The miRNA processing machinery in OC progression
Cellular miRNA expression is tightly regulated. One of the post-transcriptional regulatory mechanisms involves changes in the expression of miRNA machinery proteins, i.e. Drosha, Dicer, miRISC components such as the Ago family members, and related proteins. We analysed Ago1, Ago2 and Dicer mRNA levels and Ago2 protein levels in primary and metastatic OC. Expression of all three genes was significantly higher in effusions (P < 0.001 for Ago1 and Ago2, P= 0.002 for Dicer, Fig. 4A). Ago2 protein expression was significantly higher in effusions compared to primary carcinomas (P= 0.001, Fig. 4B).
Fig 4.
Ago and Dicer expression in OC. (A) mRNA levels of the miRNA processing machinery.

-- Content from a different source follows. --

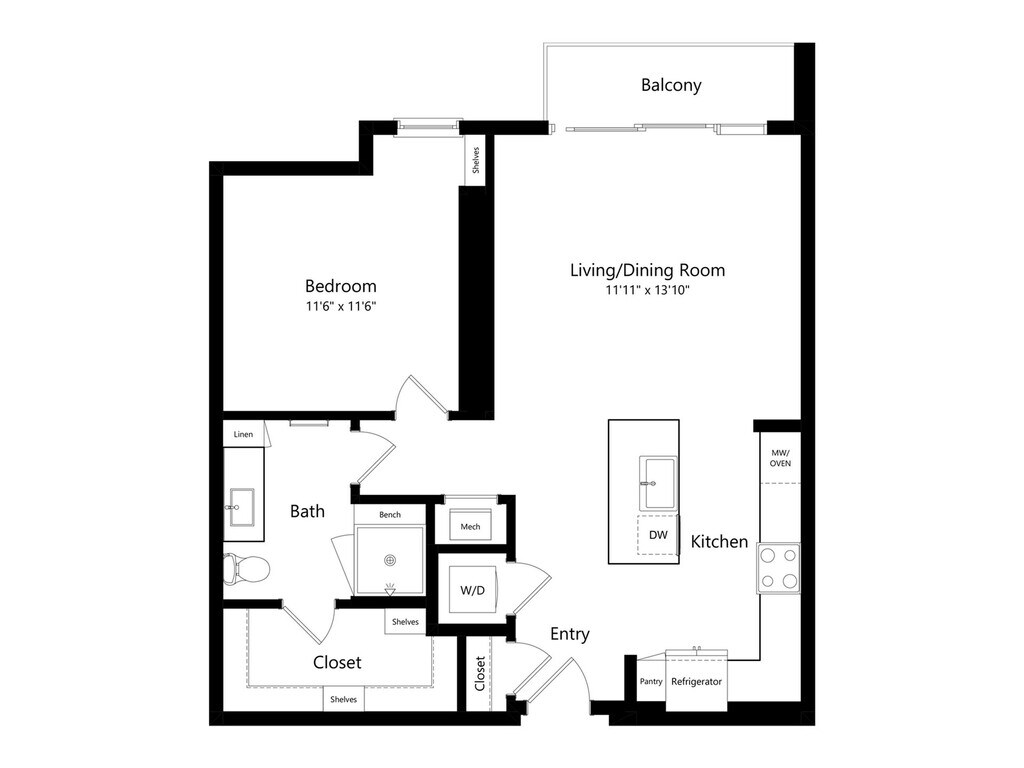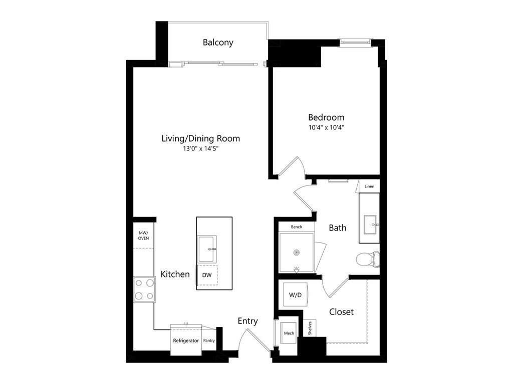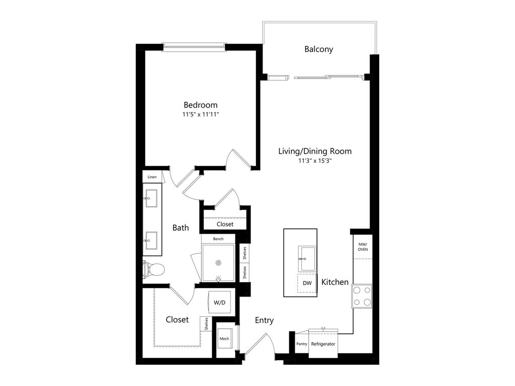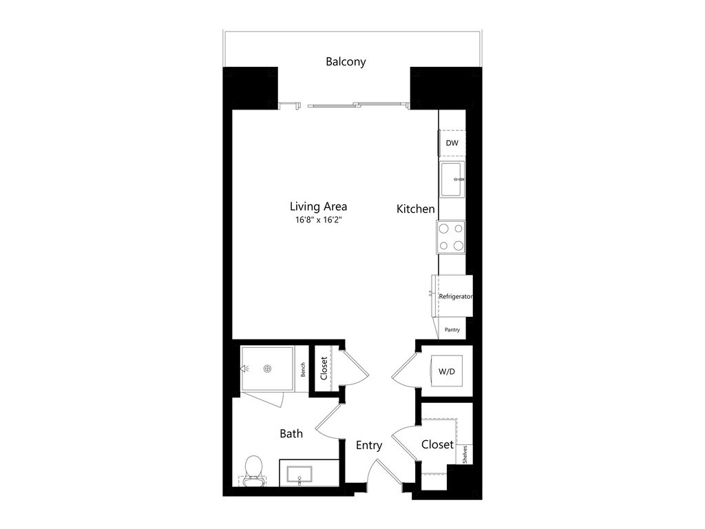 Studio, 1 Bath, 570 sq ftAvailable March 16, 2026Model Gallery
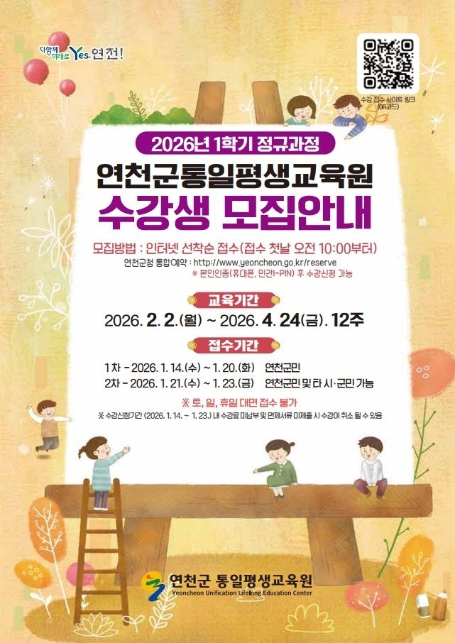 수강 신청은 1월 14일부터 1월 23일까지 진행되며, 연천군청 홈페이지 통합예약 시스템을 통해 온라인으로 신청할 수 있다.

Ago1, Ago2 and Dicer are more highly expressed in effusions compared to primary OC (Y-axis shows mean rank; *P < 0.05 for all). (B) Western blot for Ago2 protein. Levels are higher in effusions compared to primary OC (Y-axis shows mean rank; *P < 0.05). A representative blot of five solid OC (S) and seven effusions (E) is shown. C: MCF-7 cell line. (C) Dicer and Ago1 expression in effusions (two serous carcinomas), primary carcinomas (serous carcinoma on the left, clear cell carcinoma on the right), and solid metastases (poorly differentiated serous carcinoma on the left, well-differentiated serous carcinoma on the right) by immunohistochemistry.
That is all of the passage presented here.